## RECORDS TO PROCESS
──────────────────────────────

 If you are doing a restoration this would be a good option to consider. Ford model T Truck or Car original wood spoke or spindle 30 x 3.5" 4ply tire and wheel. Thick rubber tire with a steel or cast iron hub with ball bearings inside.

──────────────────────────────

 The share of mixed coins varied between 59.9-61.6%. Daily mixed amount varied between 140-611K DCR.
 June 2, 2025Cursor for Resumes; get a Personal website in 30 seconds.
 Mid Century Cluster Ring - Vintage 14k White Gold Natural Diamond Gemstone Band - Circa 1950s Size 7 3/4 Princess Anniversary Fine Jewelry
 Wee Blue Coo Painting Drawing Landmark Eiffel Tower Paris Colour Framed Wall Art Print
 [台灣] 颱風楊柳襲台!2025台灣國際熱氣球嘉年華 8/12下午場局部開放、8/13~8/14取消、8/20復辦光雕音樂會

──────────────────────────────

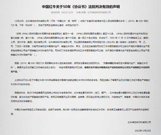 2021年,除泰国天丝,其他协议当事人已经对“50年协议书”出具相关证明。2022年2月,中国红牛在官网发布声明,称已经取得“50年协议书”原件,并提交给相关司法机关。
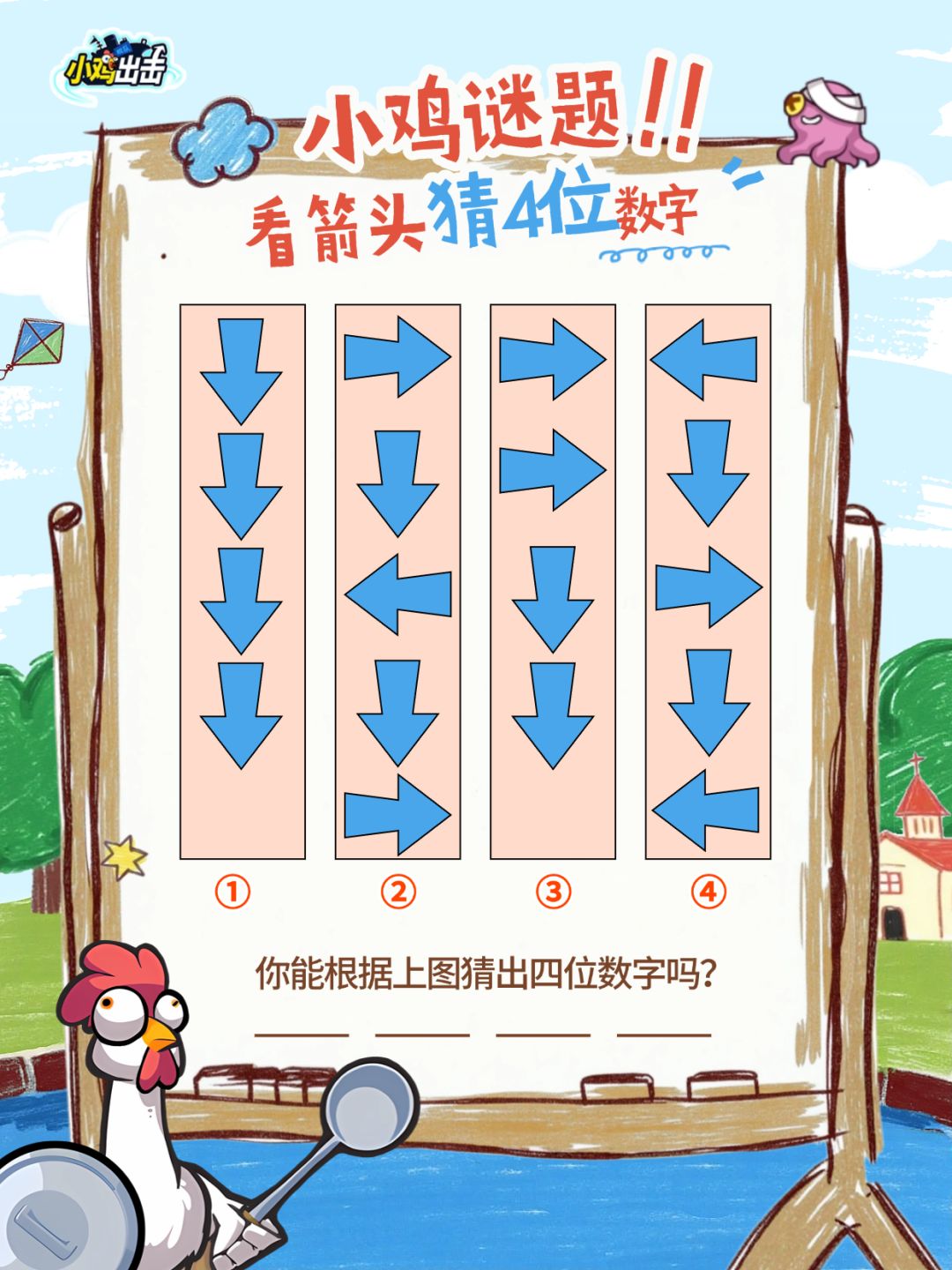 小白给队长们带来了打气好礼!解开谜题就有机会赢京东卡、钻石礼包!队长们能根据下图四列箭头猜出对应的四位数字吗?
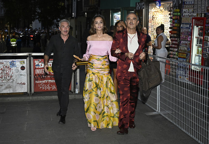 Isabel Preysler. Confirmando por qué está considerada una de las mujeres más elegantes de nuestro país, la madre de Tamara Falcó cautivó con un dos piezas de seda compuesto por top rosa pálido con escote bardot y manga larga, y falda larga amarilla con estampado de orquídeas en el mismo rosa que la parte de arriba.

──────────────────────────────

Keep both end lines and retype everything in the records above from the line containing "The share of" through the line containing "[台灣] 颱風楊柳襲台!2025台灣國際熱氣球嘉年華 8/12下午場局部開放、8/13~8/14取消、8/20復辦光雕音樂會", exactly, with nothing else.

## RESULT
 The share of mixed coins varied between 59.9-61.6%. Daily mixed amount varied between 140-611K DCR.
 June 2, 2025Cursor for Resumes; get a Personal website in 30 seconds.
 Mid Century Cluster Ring - Vintage 14k White Gold Natural Diamond Gemstone Band - Circa 1950s Size 7 3/4 Princess Anniversary Fine Jewelry
 Wee Blue Coo Painting Drawing Landmark Eiffel Tower Paris Colour Framed Wall Art Print
 [台灣] 颱風楊柳襲台!2025台灣國際熱氣球嘉年華 8/12下午場局部開放、8/13~8/14取消、8/20復辦光雕音樂會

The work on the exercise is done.